In realtà questo tracciamento serve per dare qualche pubblicità un po’ più interessante, non è un’invasione effettiva della privacy, non è attiva. Esempio banale: io oggi posso sapere che il tal gruppo di utenti anonimi — non mi interessa sapere chi sono, mi interessa che sia quel gruppo di utenti identificati da un codice – è interessato a cercare una vacanza in riviera romagnola, piuttosto che una settimana alle Maldive o ai Caraibi. Quindi da questo punto di vista mi è utile, se sono un albergatore della Riviera, far vedere la mia offerta pubblicitaria a qualcuno che è interessato alla riviera romagnola.
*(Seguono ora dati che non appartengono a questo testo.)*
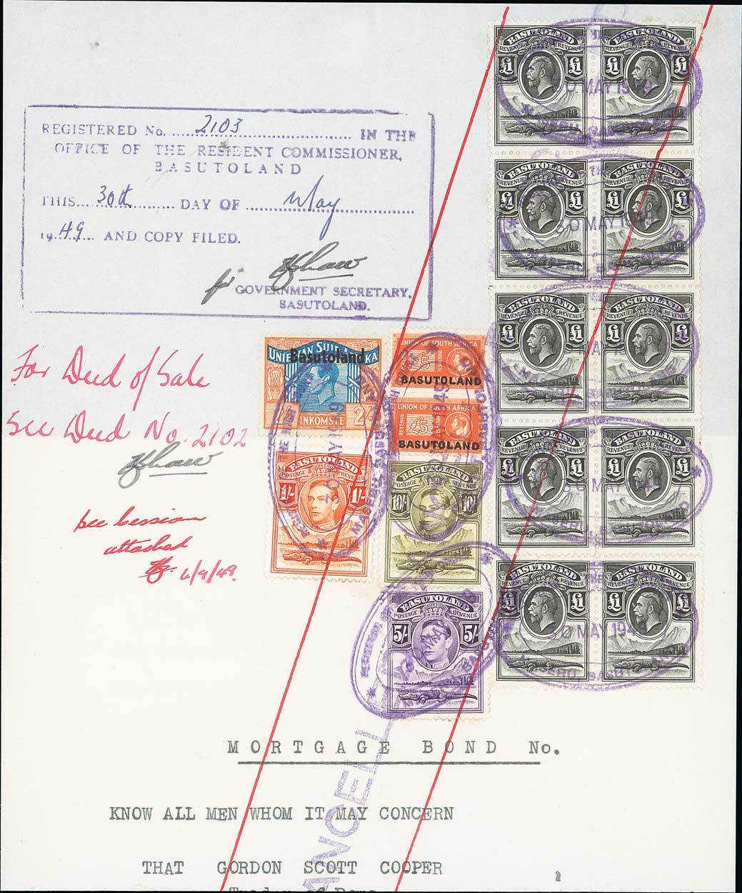 1949 (30 May) Mortgage Bond page bearing 1943 Series 31 £5 orange "Bantam" pair (a complete unit), 1933 £1 black block of ten (2x5), Series 34 2/- light blue and orange and 1938 Postage/Revenue 1/-, 5/- and 10/-, for a total franking of £20/18/-, cancelled by "registrar of the high court/ maseru, basutoland" oval datestamps in violet, with two red pen strokes applied to page after cancellation. A wonderful showpiece showing both rare bantam usage and a large multiple of the popular £1. Photo

E.P. 🎙: Mi verrebbe da dire anche a chi è interessato ad andare in riviera romagnola. Forse è meglio che gli arrivi la pubblicità della riviera romagnola piuttosto che quella dei Caraibi.

N.S. 🎙: Esatto, questo è l’elemento fondante. Quello che accadrà è che l’utente stesso che oggi cerca più privacy, riceverà un servizio peggiore. Quindi quando cominceremo a navigare anche sul sito del Sole 24 Ore o di Radio 24, vedremo una pubblicità di qualche tipo che sarà totalmente randomica e non basata su una percezione, per quanto blanda anche approssimativa, di cosa può interessarmi, ad esempio il fatto che io sia un uomo o una donna. Da questo punto di vista riceveremo pubblicità meno precisa: c’è una corrente di pensiero molto diffuso che diceva che la pubblicità deve cercare di non darti fastidio e, se è fuori target — cioè se è fuori dai miei interessi – mi dà molto fastidio. E quella interessante a volte già mi infastidisce.
L’altro problema è che l’editore vive di pubblicità: i giornalisti vengono pagati dalla pubblicità, è un’industria che produce contenuti di qualità grazie a degli sponsor. Qual è il discorso: su internet non c’è il limite della radio o della carta stampata in termini di secondi o numero di battute da rispettare, all’interno dei siti può essere messa tanta pubblicità, troppa, e di qui il problema.
Se io so che sto andando su un gruppo di persone interessate alla mia vacanza in riviera, posso spendere un pochino di più perché l’editore mi dà la possibilità di avvicinarmi a quelli maggiormente interessati; se invece io dovessi andare su tutti, chiunque, anche gente che in questo momento è in vacanza da un’altra parte e quindi non può venire nel mio albergo in riviera, spenderò moltissimo perché devo andare su un pubblico molto più ampio — quella che viene chiamata dai pubblicitari la “reach” — e disperderò il 99% di quello che sto facendo. Quindi, da un punto di vista squisitamente professionale, sto inquinando perché alla fine utilizzo più risorse di quelle che dovrei perché sto sparando un sacco di cartucce nell’aria sperando di beccare la persona giusta che, intanto, è da un’altra parte.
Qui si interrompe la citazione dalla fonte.